Directory Entry Cache (dcache)
==============================
struct dentry_operations
------------------------
This describes how a filesystem can overload the standard dentry
operations. Dentries and the dcache are the domain of the VFS and the
individual filesystem implementations. Device drivers have no business
here. These methods may be set to NULL, as they are either optional or
the VFS uses a default. As of kernel 2.6.13, the following members are
defined:
struct dentry_operations {
int (*d_revalidate)(struct dentry *, struct nameidata *);
int (*d_hash) (struct dentry *, struct qstr *);
int (*d_compare) (struct dentry *, struct qstr *, struct qstr *);
int (*d_delete)(struct dentry *);
void (*d_release)(struct dentry *);
void (*d_iput)(struct dentry *, struct inode *);
};
d_revalidate: called when the VFS needs to revalidate a dentry. This
is called whenever a name look-up finds a dentry in the
dcache. Most filesystems leave this as NULL, because all their
dentries in the dcache are valid
d_hash: called when the VFS adds a dentry to the hash table
d_compare: called when a dentry should be compared with another
d_delete: called when the last reference to a dentry is
deleted. This means no-one is using the dentry, however it is
still valid and in the dcache
d_release: called when a dentry is really deallocated
d_iput: called when a dentry loses its inode (just prior to its
being deallocated). The default when this is NULL is that the
VFS calls iput(). If you define this method, you must call
iput() yourself
Each dentry has a pointer to its parent dentry, as well as a hash list
of child dentries. Child dentries are basically like files in a
directory.
Directory Entry Cache APIs
--------------------------
There are a number of functions defined which permit a filesystem to
manipulate dentries:
dget: open a new handle for an existing dentry (this just increments
the usage count)
dput: close a handle for a dentry (decrements the usage count). If
the usage count drops to 0, the "d_delete" method is called
and the dentry is placed on the unused list if the dentry is
still in its parents hash list.

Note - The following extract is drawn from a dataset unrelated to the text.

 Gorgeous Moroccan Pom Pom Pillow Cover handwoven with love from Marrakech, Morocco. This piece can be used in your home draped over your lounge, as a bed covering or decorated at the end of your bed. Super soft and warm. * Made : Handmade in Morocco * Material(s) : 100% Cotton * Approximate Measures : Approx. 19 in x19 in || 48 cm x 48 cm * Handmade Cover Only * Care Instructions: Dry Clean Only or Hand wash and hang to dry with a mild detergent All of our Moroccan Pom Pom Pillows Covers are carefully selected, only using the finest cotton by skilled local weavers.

Putting the dentry on the
unused list just means that if the system needs some RAM, it
goes through the unused list of dentries and deallocates them.

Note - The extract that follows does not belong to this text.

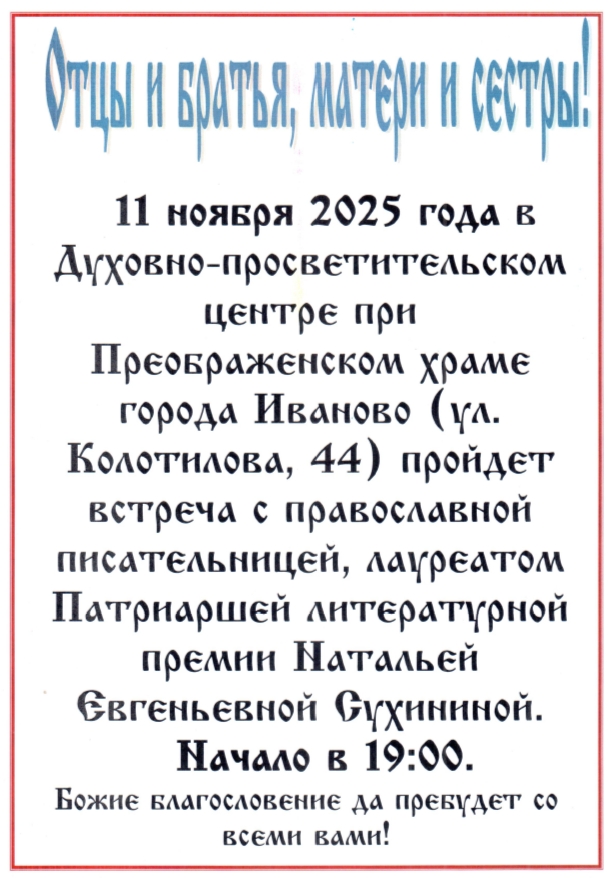 - Встреча с православной писательницей Н.Е.Сухининой.

If the dentry has already been unhashed and the usage count
drops to 0, in this case the dentry is deallocated after the
"d_delete" method is called
d_drop: this unhashes a dentry from its parents hash list. A
subsequent call to dput() will deallocate the dentry if its
usage count drops to 0
d_delete: delete a dentry. If there are no other open references to
the dentry then the dentry is turned into a negative dentry
(the d_iput() method is called). If there are other
references, then d_drop() is called instead
d_add: add a dentry to its parents hash list and then calls
d_instantiate()
d_instantiate: add a dentry to the alias hash list for the inode and
updates the "d_inode" member. The "i_count" member in the
inode structure should be set/incremented. If the inode
pointer is NULL, the dentry is called a "negative
dentry". This function is commonly called when an inode is
created for an existing negative dentry
d_lookup: look up a dentry given its parent and path name component
It looks up the child of that given name from the dcache
hash table. If it is found, the reference count is incremented
and the dentry is returned. The caller must use d_put()

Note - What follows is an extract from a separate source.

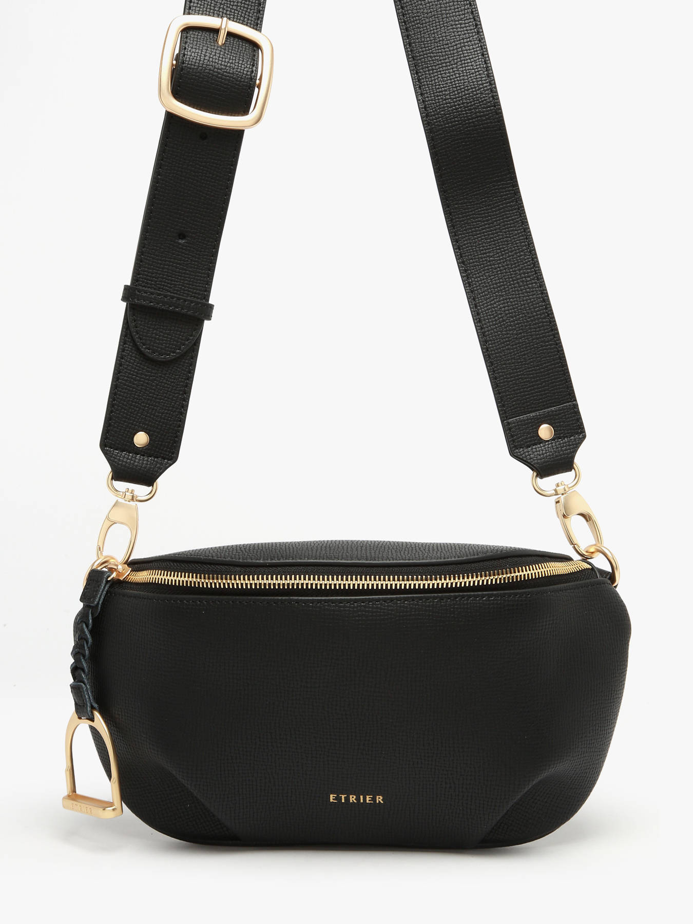 Le sac banane TORSADE par Etrier est conçu en cuir de vachette texturé, sublimé par une tresse élégante qui tombe délicatement sur le sac et se termine par un bijou raffiné. Sa fermeture zippée assure une sécurité optimale pour vos effets personnels. Il dispose d'une bandoulière réglable et amovible, offrant un port en bandoulière ou à la poitrine selon vos envies. À l'intérieur, un compartiment principal spacieux comprend une poche simple et une poche zippée pour organiser vos essentiels avec praticité. Ce sac banane allie style contemporain et fonctionnalité, parfait pour un usage quotidien avec une touche d'élégance. La ligne Torsade exprime un design moderne, chic et intemporel, idéal pour celles qui recherchent à la fois confort et raffinement dans un accessoire compact.

to free the dentry when it finishes using it.
RCU-based dcache locking model
------------------------------
On many workloads, the most common operation on dcache is
to look up a dentry, given a parent dentry and the name
of the child. Typically, for every open(), stat() etc.,
the dentry corresponding to the pathname will be looked
up by walking the tree starting with the first component
of the pathname and using that dentry along with the next
component to look up the next level and so on. Since it
is a frequent operation for workloads like multiuser
environments and web servers, it is important to optimize
this path.
Prior to 2.5.10, dcache_lock was acquired in d_lookup and thus
in every component during path look-up. Since 2.5.10 onwards,
fast-walk algorithm changed this by holding the dcache_lock
at the beginning and walking as many cached path component
dentries as possible. This significantly decreases the number
of acquisition of dcache_lock. However it also increases the
lock hold time significantly and affects performance in large
SMP machines. Since 2.5.62 kernel, dcache has been using
a new locking model that uses RCU to make dcache look-up
lock-free.
The current dcache locking model is not very different from the existing
dcache locking model. Prior to 2.5.62 kernel, dcache_lock
protected the hash chain, d_child, d_alias, d_lru lists as well
as d_inode and several other things like mount look-up. RCU-based
changes affect only the way the hash chain is protected. For everything
else the dcache_lock must be taken for both traversing as well as
updating. The hash chain updates too take the dcache_lock.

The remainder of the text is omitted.